26th August 2019
Cryptocurrencies are a digital money system that allows people to send or receive money globally across the internet. Bitcoin payments are processed through a private network of computers all linked through a shared program. Each transaction is simultaneously recorded in a “blockchain” on each computer that updates and informs all accounts.
Cryptocurrencies such as Bitcoin allows for fast, secure and low-cost transactions, which is very attractive to many companies. This has led to some businesses exploring the possibilities of paying their employees in cryptocurrency, with some already using Bitcoin to incentivize their employees.
However, there are some complications to consider that could arise when paying employees with it, including the volatility of cryptocurrency and how the value of it fluctuates dramatically all the time. But paying our employees with cryptocurrency is just a thing of the future… or is it?

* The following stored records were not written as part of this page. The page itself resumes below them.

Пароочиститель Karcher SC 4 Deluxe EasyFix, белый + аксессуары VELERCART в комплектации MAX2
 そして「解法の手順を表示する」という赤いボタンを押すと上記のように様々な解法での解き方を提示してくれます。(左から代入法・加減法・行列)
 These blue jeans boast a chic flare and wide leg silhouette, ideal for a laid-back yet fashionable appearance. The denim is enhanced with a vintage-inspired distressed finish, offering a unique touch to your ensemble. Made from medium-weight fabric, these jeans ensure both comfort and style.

New Zealand has become the first country to legally back companies that are paying employees in cryptocurrencies. The ruling by New Zealand’s tax authority allows salaries and wages to be paid in cryptocurrencies such as Bitcoin from September 1, as long as the payments are in regular, fixed amounts. The digital currency of choice must also be pegged to at least one regular currency and must be able to be converted directly into a standard form of payment. Companies that choose to pay their employees in crypto will be able to deduct tax under New Zealand’s pay as you earn income tax scheme.
Although we might be a long way away from global legality of paying employees in cryptocurrency, and no matter where you stand on paying in cryptocurrencies, it is definitely something that could happen more readily in the future and is something you might need to consider embracing.

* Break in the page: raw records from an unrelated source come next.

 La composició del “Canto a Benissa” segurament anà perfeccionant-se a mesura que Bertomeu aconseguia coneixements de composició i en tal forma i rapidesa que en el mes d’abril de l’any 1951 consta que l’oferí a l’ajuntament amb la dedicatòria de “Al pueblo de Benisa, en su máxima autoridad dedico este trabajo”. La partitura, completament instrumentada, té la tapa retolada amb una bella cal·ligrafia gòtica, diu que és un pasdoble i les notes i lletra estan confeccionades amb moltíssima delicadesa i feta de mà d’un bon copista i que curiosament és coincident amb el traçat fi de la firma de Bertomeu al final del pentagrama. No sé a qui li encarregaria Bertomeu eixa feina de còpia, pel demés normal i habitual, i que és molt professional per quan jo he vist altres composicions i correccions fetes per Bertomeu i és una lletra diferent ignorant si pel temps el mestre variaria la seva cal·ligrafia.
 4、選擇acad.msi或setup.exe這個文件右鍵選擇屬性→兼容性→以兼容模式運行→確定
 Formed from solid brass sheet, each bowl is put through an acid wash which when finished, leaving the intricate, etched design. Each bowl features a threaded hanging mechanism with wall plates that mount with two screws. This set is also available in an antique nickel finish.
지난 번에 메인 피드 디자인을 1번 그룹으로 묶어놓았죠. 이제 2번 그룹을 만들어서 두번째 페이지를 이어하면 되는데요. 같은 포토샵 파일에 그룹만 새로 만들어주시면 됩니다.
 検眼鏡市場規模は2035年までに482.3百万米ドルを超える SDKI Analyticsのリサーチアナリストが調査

If you are thinking of using cryptocurrencies to pay or incentivize your employees, you need to consider:
- Whether this would be something your employees would actually want. Weigh up the pros and cons of cryptocurrency against other options.
- Look at how the cryptocurrency is regulated in the countries in which you intend to use it; whether it is permissible to pay or give it as an employee benefit, and what the tax treatment will be (both from your perspective, and from that of your employees)

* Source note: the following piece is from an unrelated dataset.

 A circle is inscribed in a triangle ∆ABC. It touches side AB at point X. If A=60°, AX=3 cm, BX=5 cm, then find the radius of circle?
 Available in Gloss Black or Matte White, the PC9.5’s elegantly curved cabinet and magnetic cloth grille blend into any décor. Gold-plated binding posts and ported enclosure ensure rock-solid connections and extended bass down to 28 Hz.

- Doing some due diligence to decide which cryptocurrency would be the best fit for your company. Look closely at which currencies to offer, which exchange to use and which provider or broker you should appoint to deal with the administrative side of things (similar to a pensions provider). Remember to conduct due diligence on any third party to ensure you are compliant with anti-money laundering requirements
- How volatile cryptocurrencies can be, as it may mean it is difficult to understand the value an employee may receive in regard to their salary.
- Reviewing your payroll and CRM systems to understand how it can be integrated and managed, if at all.